No antigo blog Filosofando eu comecei um trabalho que pretendo terminar. Colecionar num único livro a vida de mulheres que representaram um papel importante na História do mundo.

O texto a seguir já foi publicado no Filosofando mas quero dar continuidade ao projeto republicando aqui os primeiros trabalhos.

Já escrevi sobre Eva, Hatchepsut e Débora. Para os que não leram ainda será novidade, quem já leu pode reler novamente e deixar novos comentários. Logo o Filosofando vai sair da rede e o texto só se encontrará aqui.

 Eva

Segundo o judaísmo, o cristianismo e o islamismo, a primeira mulher, criada por Deus, foi Eva. Para o judaísmo e cristianismo a fonte textual que narra a criação do mundo e dos seres humanos é a mesma, o Bareshit hebraico que tem o nome de Gênesis nas Bíblias cristãs narram que no sexto dia da criação Deus resolveu criar o gênero humano, apenas um casal, que deveriam se multiplicar e encher a Terra.

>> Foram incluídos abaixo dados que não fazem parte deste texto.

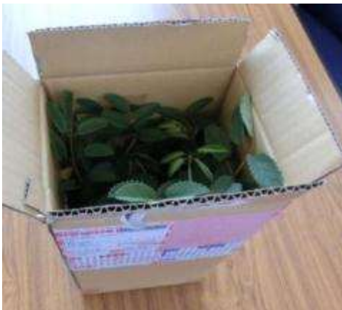
段ボール上部を開梱

Embora o livro de Gênesis seja tradicionalmente atribuído a Moisés existe um consenso entre os especialistas dos textos bíblicos de que tanto o Gênesis como os outros livros que são atribuídos a Moisés sejam uma coletânea de textos advindos de duas tradições hebraicas distintas. Os especialistas costumam chamar as duas tradições de Javistas e Eloístas. A essas tradições somam-se outras, como a sacerdotal. Esses textos teriam sido incorporados em volumes únicos por volta do reinado de Salomão, ou durante o período pós-exílio da Babilônia, formando o que se chama de Tetrateuco.

Leiam a seguir os textos das duas fontes que narram a criação do homem e da mulher.

Tradição Eloísta/Sacerdotal:

Então disse Deus: “Façamos o homem à nossa imagem, conforme a nossa semelhança.

Criou Deus o homem à sua imagem,

á imagem de Deus o criou;

homem e mulher os criou.

Gênesis 1:26, 27

Tradição Javista:

Então Deus formou o homem do pó da terra e soprou em suas narinas o fôlego da vida, e o homem se tornou um ser vivente.

… o Senhor Deus fez o homem cair em profundo sono e, enquanto este dormia, tirou-lhe uma das costelas, fechando o lugar com carne. Com a costela que havia tirado do homem, o Senhor Deus fez uma mulher e a levou até ele. Disse então o homem:

Esta, sim, é osso dos meus ossos

e carne da minha carne!

Ela será chamada mulher,

porque do homem foi tirada.

Gênesis 2:21-23

Existe um forte debate sobre se as duas correntes apresentadas fazem relatos distintos e incompatíveis da criação. Porém, a versão tradicionalmente reconhecida da história de Eva resulta da tentativa de harmonizar os dois relatos. Com isso a história de Eva se desenrola da seguinte forma: no sexto dia Deus cria primeiro o homem e depois o faz cair num sono profundo, tira-lhe uma costela e dela faz a mulher. Nesses relatos a mulher ainda não tem o nome de Eva, o homem a chama de “mulher”, “será chamada mulher, porque do homem foi tirada”, essa exclamação de Adão em forma de poema é um jogo de palavras que correspondem a homem e mulher no hebraico, respectivamente ish e isha.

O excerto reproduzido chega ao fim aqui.